Am Dienstag, 7. Oktober 2008 04:21 schrieb Jason Dagit:
On Mon, Oct 6, 2008 at 7:06 PM, Mike Coleman
wrote: Hi,
I could use a little help. I was looking through the Real World Haskell book and came across a trivial program for summing numbers in a file. They mentioned that that implementation was very slow, as it's based on String's, so I thought I'd try my hand at converting it to use lazy ByteString's. I've made some progress, but now I'm a little stuck because that module doesn't seem to have a 'read' method.
There's a readInt method, which I guess I could use, but it returns a Maybe, and I don't see how I can easily strip that off.
So:
1. Is there an easy way to strip off the Maybe that would allow an equivalently concise definition for sumFile? I can probably figure out how to do it with pattern matching and a separate function--I'm just wondering if there's a more concise way.
I'm not a ByteString expert, but there should be an easy way to solve this issue of Maybe.
If you go to hoogle (http://www.haskell.org/hoogle/) and type this: [Maybe a] -> [a] it says: Data.Maybe<http://haskell.org/ghc/docs/latest/html/libraries/base/Data-Mayb e.html> .catMaybes<http://haskell.org/ghc/docs/latest/html/libraries/base/Data-Mayb e.html#v:catMaybes>:: [Maybe a] -> [a]<http://haskell.org/ghc/docs/latest/html/libraries/base/Data-Maybe.html# v:catMaybes>
As the top search result.
This means that you can convert any list of maybes into a list of what you want. It just tosses out the Nothings.

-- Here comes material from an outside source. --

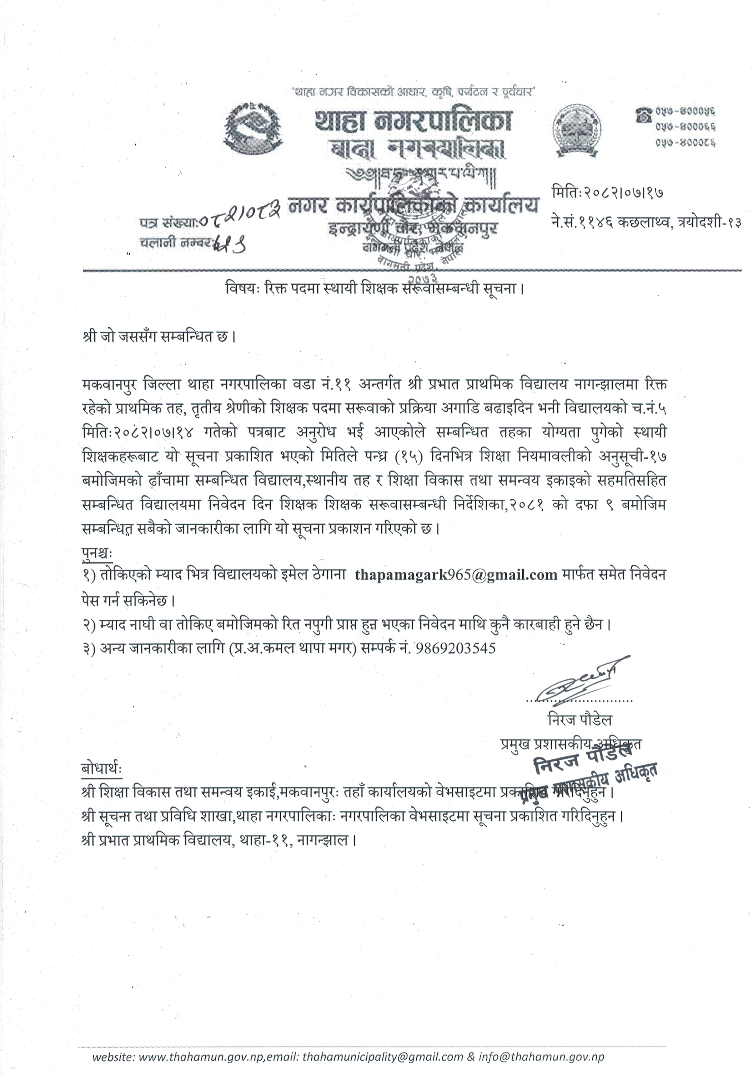 » रिक्त पदमा स्थायी शिक्षक सरुवा सम्बन्धी सूचना !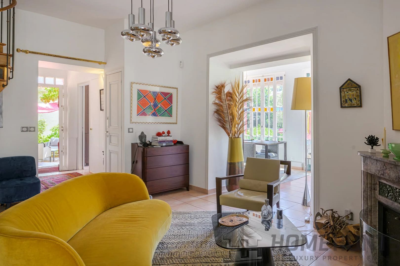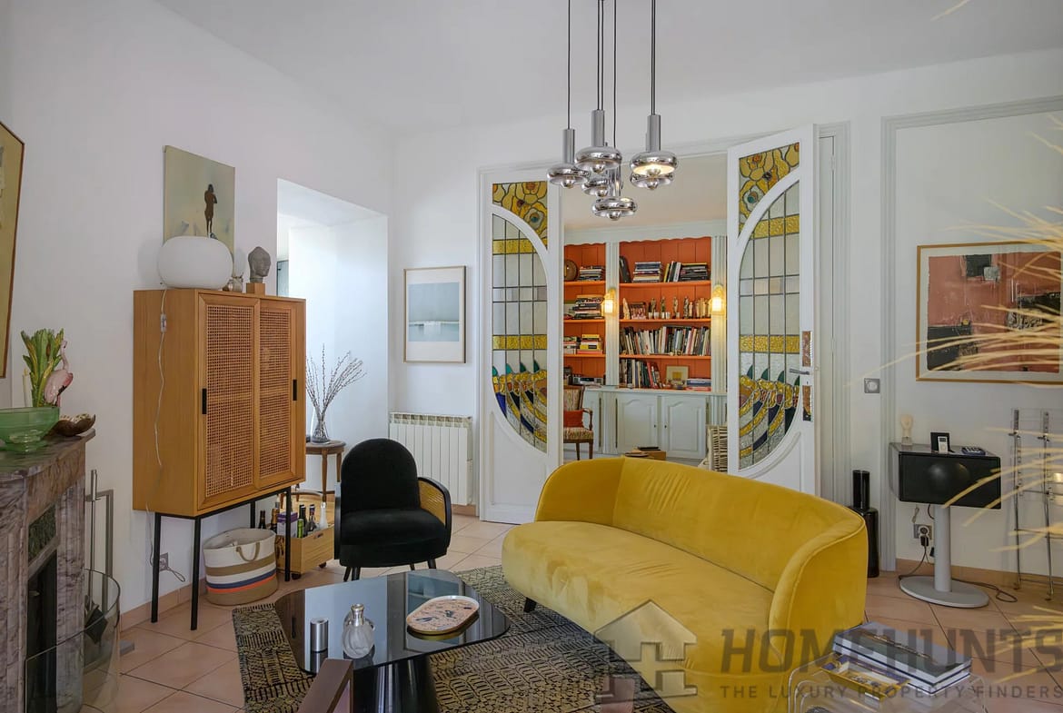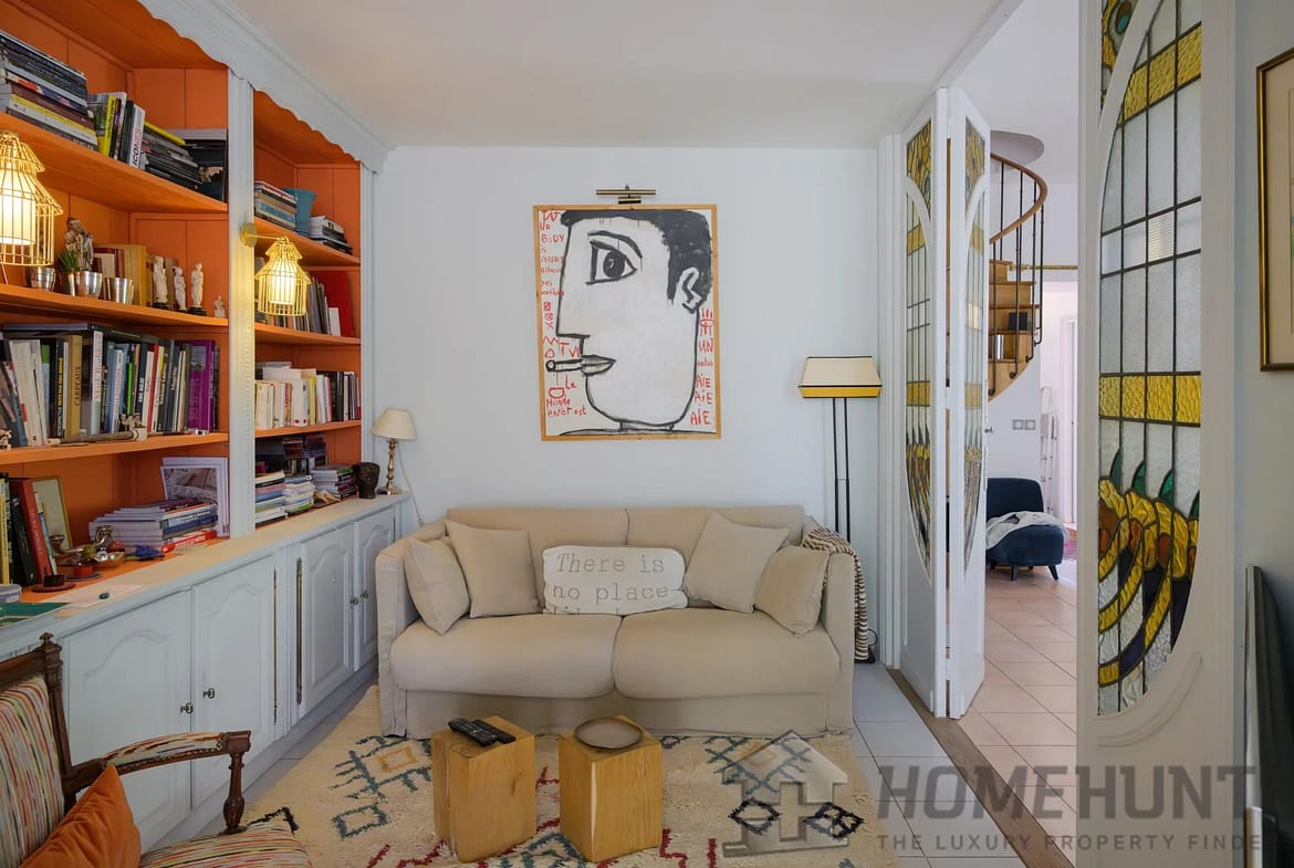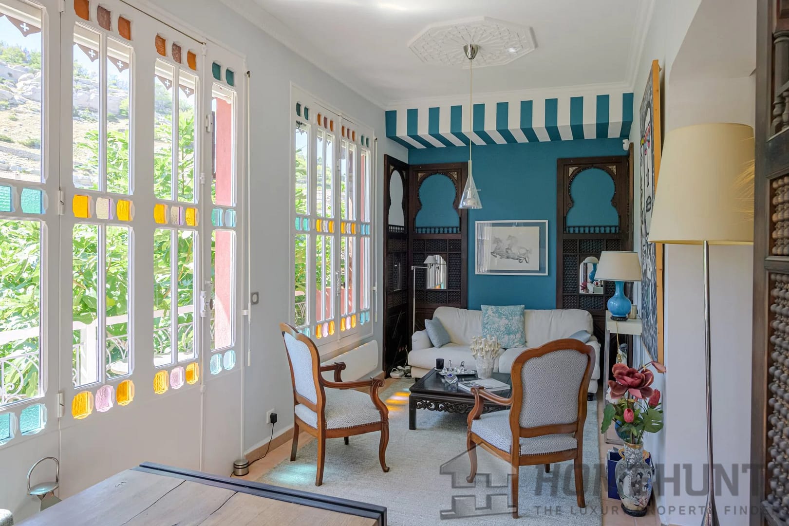 A highly refined ‘favourite’ house where each room has its own identity. A blue summer living room overlooking the garden and its multicoloured glass roof. A winter living room in warm colours with its art deco fireplace. A kitchen with a view of the Calanques, connecting the living rooms. A small TV room and an office. Colourful glasswork features in several rooms of the house. A black and white bedroom with its own bathroom on this first level. Four other bedrooms, each with its own colour scheme, bathroom and small private terrace.

Since readInt returns a Maybe (Int,ByteString), Data.List.unfoldr would be a better fit for his needs. The bytestring-lexing package (http://hackage.haskell.org/packages/archive/bytestring-lexing/0.1.2/doc/html...) provides readDouble, which is also pretty fast, I think.
2. Why doesn't ByteString implement 'read'? Is it just that this function (like 'input' in Python) isn't really very useful for real programs?
I think probably for things more complex than parsing ints it's best to make your own parser? I seem to recall that someone was working on a library of parsing functions based on bytestring? Maybe someone else can comment?
At least parsec 3.0.0 has ByteString parsing modules (I've never used it, so I don't know how well they work). IIRC, there's a plan to expand the bytestring-lexing package, too.
3. Why doesn't ByteString implement 'readDouble', etc.? That is, why
are Int and Integer treated specially? Do I not need readDouble?
I think readInt was mostly implemented because integer reading was needed a lot for benchmarks and programming challenge sites and people noticed it was way slower than needed so someone put in the effort it optimize it. Once it was optimized, that must have satisfied the need for fast number reading.
More's underway, readDouble already delivered.
I would agree that at least for Prelude types it would be nice to have efficient bytestring based parsers. Do we have Read/Show classes specifically for working in bytestrings? Maybe that's what the world needs in the bytestring api. Then again, I'm not really qualified to comment :) For all I know it already exists.
partially.
Jason